(Beginning of Dataset content)

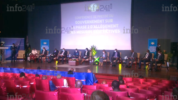 La Première ministre Rose Christiane Ossouka Raponda et 8 de ses ministres ont animé ce vendredi après-midi, une conférence de presse à Libreville pour annoncer la phase 2 d’allègement des mesures de confinement. Parmi elles, on note le couvre-feu ramené de 22h à 5h, la fin de la gratuité des tests Covid-19, la réouverture des lieux de culte, les rassemblements qui passent de 10 à 30 personnes, la création d’une brigade sanitaire chargée de veiller au respect des mesures sanitaires, la création d’un guichet d’accompagnement des bars et nuits qui demeureront fermés.
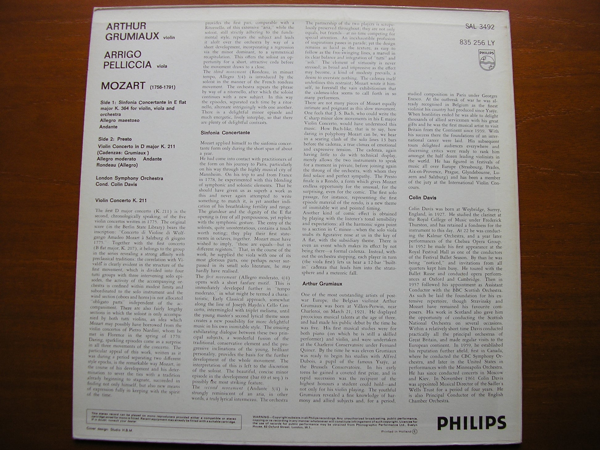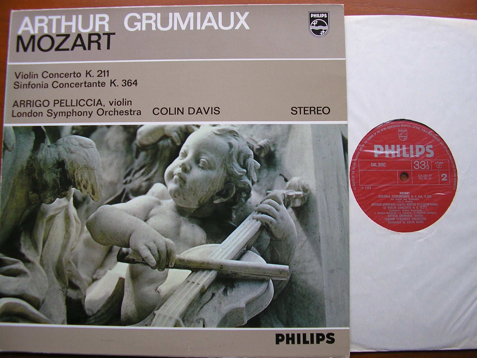SAL 3492 MOZART: VIOLIN CONCERTO K211 / SINFONIA CONCERTANTE K364 ARTHUR GRUMIAUX / ARRIGO PELLICCIA / LONDON SYMPHONY ORCHESTRA  / COLIN DAVIS
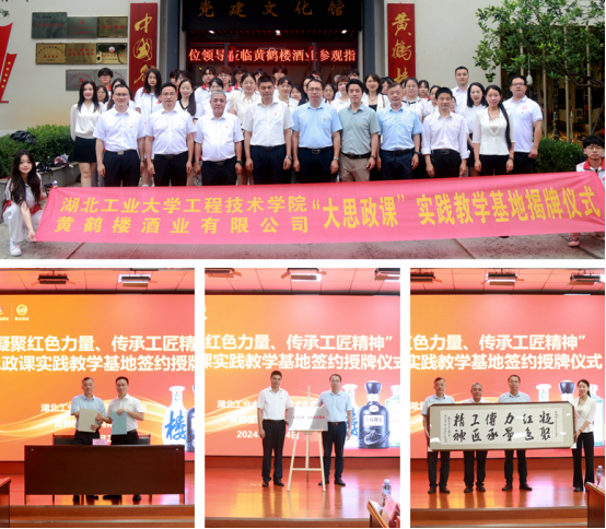 6月24日,湖北工業(yè)大學(xué)工程技術(shù)學(xué)院與黃鶴樓酒業(yè)舉行“大思政課”實(shí)踐教學(xué)基地簽約及授牌儀式。湖北工業(yè)大學(xué)工程技術(shù)學(xué)院黨委書記朱愛軍、副院長姜偉,黃鶴樓酒業(yè)黨委委員、技術(shù)質(zhì)量中心總監(jiān)李良,工會主席、黨工團(tuán)中心總監(jiān)張瑞,人力資源中心總監(jiān)張佳出席活動(dòng)。
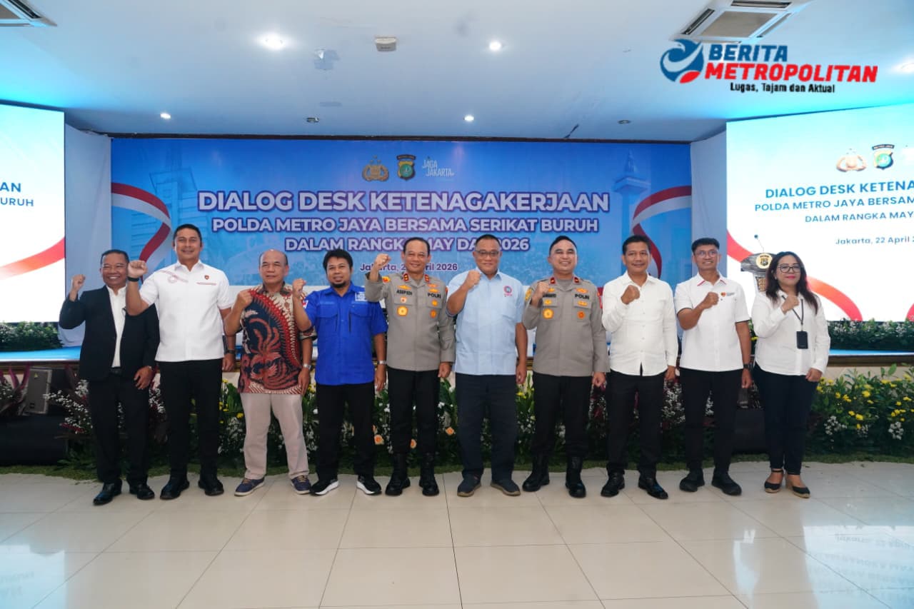 Jakarta, Beritametropolitan.id – Ditreskrimsus Polda Metro Jaya menggelar kegiatan Dialog Desk Ketenagakerjaan bersama serikat buruh dalam rangka menyambut May Day 2026. Kegiatan tersebut berlangsung di Gedung BPMJ, Rabu (22/4/2026).
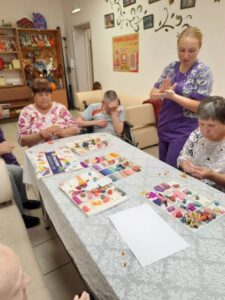Работа с пластилином – это хороший метод восстановления мелкой моторики, способ выражения своего творческого настроения. Данная терапия является доступной для людей любого возраста и особенно эффективна для пожилых людей и людей c ограниченными возможностями. В ОГБУСО «Шебертинский дом социального обслуживания» занятия пластилинографией носят регулярный характер. 11 октября персонал нашего учреждения организовал для получателей социальных услуг очередное занятие, на котором участники лепили из пластилина веточку рябины. Такая коллективная работа не только несет пользу для организма, но и сближает людей и помогает развитию мыслительной и творческой деятельности. Каждый участник занятия остался доволен результатом своего творчества.
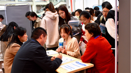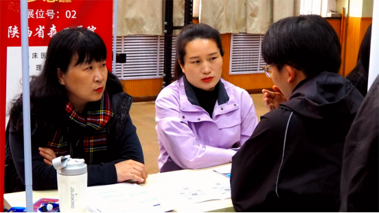 双选会现场人头攒动、气氛热烈。同学们精心准备个人求职简历,面对心仪的单位,主动咨询工作内容、职业发展空间、薪资待遇等问题,用人单位相关负责人耐心答疑解惑。本科护理专业2012班的秦丽欣同学说,如果大学是梦想开始的地方,是人生的第一驿站,那么今天的招聘会就是扬帆起航的港湾,是人生新的起点。今年即将毕业的针灸推拿专业学生冉佳乐将自己精心制作的简历投递给了新疆生产建设兵团第五师双河市总医院。“我选择这家医院是因为他们的环境、进修次数多一点,而且对我们应届生的待遇也好。”冉佳乐欣喜地说。
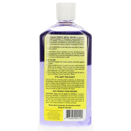 Purple Metal Polish is in a class of it's own. This is truly a no-rub metal polish. When you see just how easy it actually is to polish aluminum, you will be totally amazed. Specially formulated for easabilty, durability and a super high quality shine. It is a super quick and easy maintenance product. Purple Metal Polish contains a superior abrasive along with Hi-tech cleaners and sealers to safely clean, shine and protect all metal surfaces without scratching!

(End of Dataset content)

Exercise: Take the line that contains "双选会现场人头攒动、气氛热烈" and every line after it up to the end of the records above, and restate them exactly, without the pictures.

Result:
 双选会现场人头攒动、气氛热烈。同学们精心准备个人求职简历,面对心仪的单位,主动咨询工作内容、职业发展空间、薪资待遇等问题,用人单位相关负责人耐心答疑解惑。本科护理专业2012班的秦丽欣同学说,如果大学是梦想开始的地方,是人生的第一驿站,那么今天的招聘会就是扬帆起航的港湾,是人生新的起点。今年即将毕业的针灸推拿专业学生冉佳乐将自己精心制作的简历投递给了新疆生产建设兵团第五师双河市总医院。“我选择这家医院是因为他们的环境、进修次数多一点,而且对我们应届生的待遇也好。”冉佳乐欣喜地说。
 Purple Metal Polish is in a class of it's own. This is truly a no-rub metal polish. When you see just how easy it actually is to polish aluminum, you will be totally amazed. Specially formulated for easabilty, durability and a super high quality shine. It is a super quick and easy maintenance product. Purple Metal Polish contains a superior abrasive along with Hi-tech cleaners and sealers to safely clean, shine and protect all metal surfaces without scratching!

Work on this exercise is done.